Print only the lines below from the one with "Girly Green Quatrefoil" to the one with "Dahlia Pattern Print", both included, exactly as they stand. Leave pictures out.

[[ Supplied entries open ]]

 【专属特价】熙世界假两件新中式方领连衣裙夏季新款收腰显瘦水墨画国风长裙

[[ Supplied entries closed ]]
[[ Supplied entries open ]]

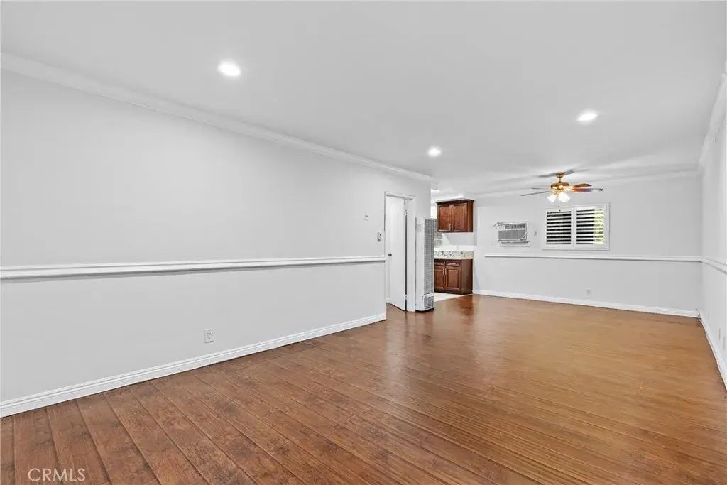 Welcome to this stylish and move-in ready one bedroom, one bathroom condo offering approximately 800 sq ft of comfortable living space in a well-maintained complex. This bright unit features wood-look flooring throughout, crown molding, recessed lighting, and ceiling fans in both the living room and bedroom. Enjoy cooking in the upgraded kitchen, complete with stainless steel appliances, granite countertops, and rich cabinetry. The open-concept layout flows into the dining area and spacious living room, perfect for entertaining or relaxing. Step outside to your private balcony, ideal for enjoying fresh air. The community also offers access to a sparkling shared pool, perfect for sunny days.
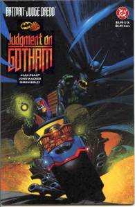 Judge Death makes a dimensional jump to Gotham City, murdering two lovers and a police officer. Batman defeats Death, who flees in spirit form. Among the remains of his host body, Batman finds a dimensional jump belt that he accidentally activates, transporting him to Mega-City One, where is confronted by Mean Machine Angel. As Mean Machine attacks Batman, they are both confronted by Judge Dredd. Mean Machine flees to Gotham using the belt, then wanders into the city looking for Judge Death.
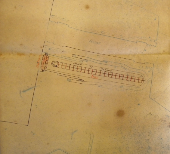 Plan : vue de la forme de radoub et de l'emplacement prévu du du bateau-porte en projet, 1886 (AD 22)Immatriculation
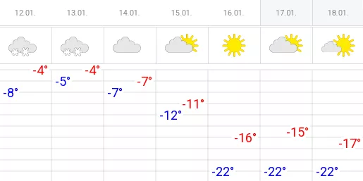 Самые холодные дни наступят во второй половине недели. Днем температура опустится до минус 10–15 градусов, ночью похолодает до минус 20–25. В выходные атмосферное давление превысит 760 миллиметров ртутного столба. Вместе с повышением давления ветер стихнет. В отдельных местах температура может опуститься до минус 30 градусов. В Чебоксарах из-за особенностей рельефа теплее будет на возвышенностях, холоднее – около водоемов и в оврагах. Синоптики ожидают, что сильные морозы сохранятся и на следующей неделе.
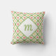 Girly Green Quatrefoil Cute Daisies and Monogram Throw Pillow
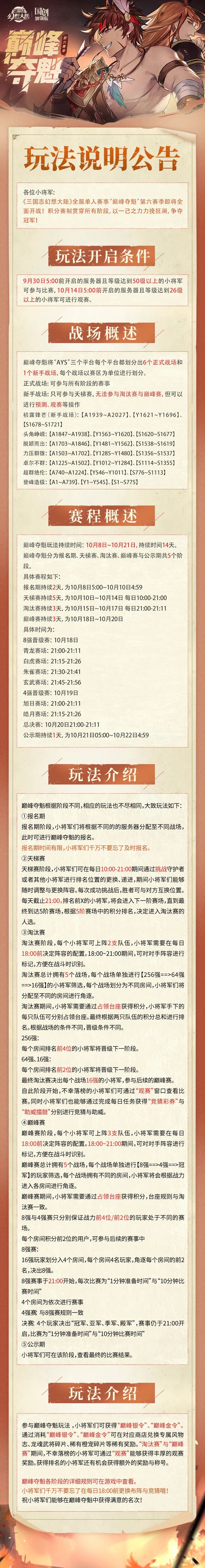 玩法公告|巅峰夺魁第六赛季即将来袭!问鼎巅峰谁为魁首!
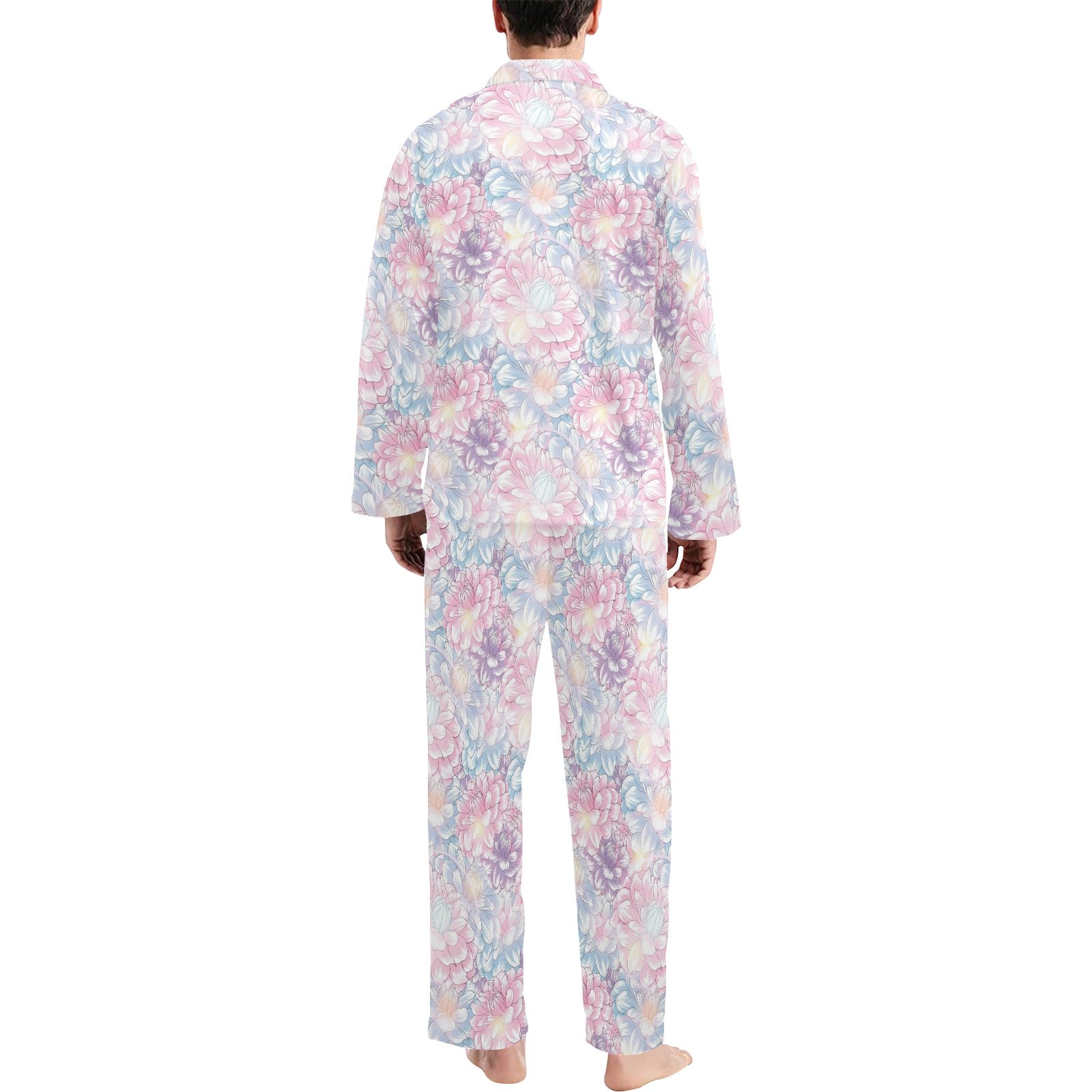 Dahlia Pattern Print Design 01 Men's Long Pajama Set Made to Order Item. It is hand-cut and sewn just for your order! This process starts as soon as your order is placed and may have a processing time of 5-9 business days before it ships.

[[ Supplied entries closed ]]

**Your response**
 Girly Green Quatrefoil Cute Daisies and Monogram Throw Pillow
 玩法公告|巅峰夺魁第六赛季即将来袭!问鼎巅峰谁为魁首!
 Dahlia Pattern Print Design 01 Men's Long Pajama Set Made to Order Item. It is hand-cut and sewn just for your order! This process starts as soon as your order is placed and may have a processing time of 5-9 business days before it ships.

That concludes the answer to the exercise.